Fixing GitHub language detection of Perl

Tags:

Recently I discovered the way to tell GitHub to correctly identify Perl code as Perl when it thinks it is Raku/Perl6.

GitHub has a tool called "Linguist" that detects what languages are in your repository; unfortunately sometimes it gets things wrong. I have some Raku repositories and some Perl... but sometimes .pm and .t files get classified as Raku although being Perl.

So I did a bunch of googling and worked out that you can be explicit about what you want to show using a .gitattributes file. To this file I add:

*.pm linguist-language=Perl

*.t linguist-language=Perl

This was enough to help persuade GitHub to classify my code correctly. This change put my pure Perl code base to 100% Perl, which I think is a good thing for the language and people seeing the amount of Perl code online on GitHub.
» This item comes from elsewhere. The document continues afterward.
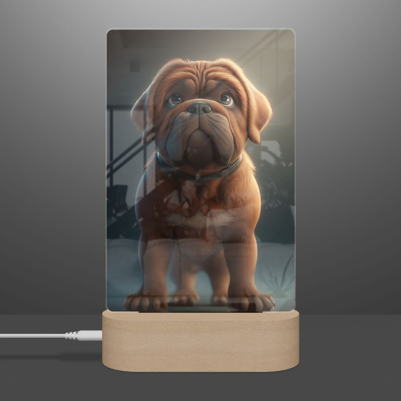 Součástí balení je akrylové sklo dle výběru, dřevěný RGB LED stojánek a napájecí USB kabel.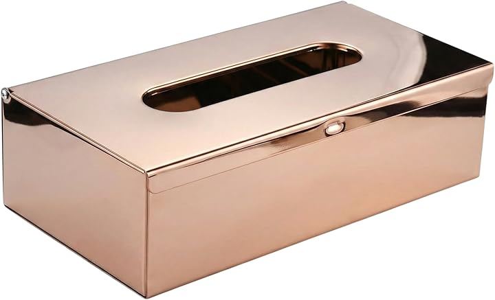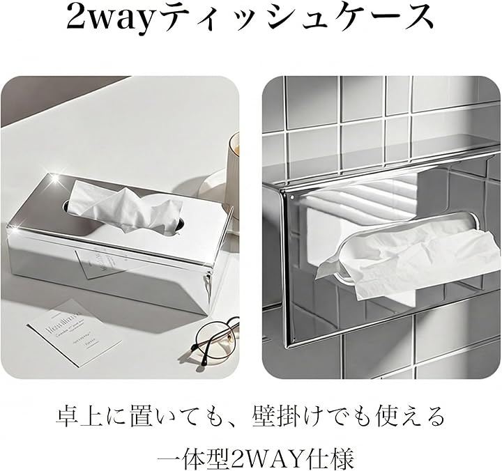 Stainless steel tissue case, 2-way design, tabletop and wall-mountable, fits a whole tissue box, stylish and simple metallic finish, perfect for living room or office.

Using the same process I was able to fix a Elm application, that I host via GitHub that reported as having JavaScript and HTML, where is fact it's all Elm. It's a trick you could use to stop vendor-ed code appearing in your language statistics. In my case I just added the following to the .gitattributes file:

*.html linguist-detectable=false

Which is because elm make creates an HTML file with JavaScript within it. So this prevents the repo looking like a mix of Elm, HTML and JavaScript when in actuality it is solely Elm.

Not a huge thing, but thought I'd post it so others might find it and be able help ensure Perl shows up correctly in the percentages.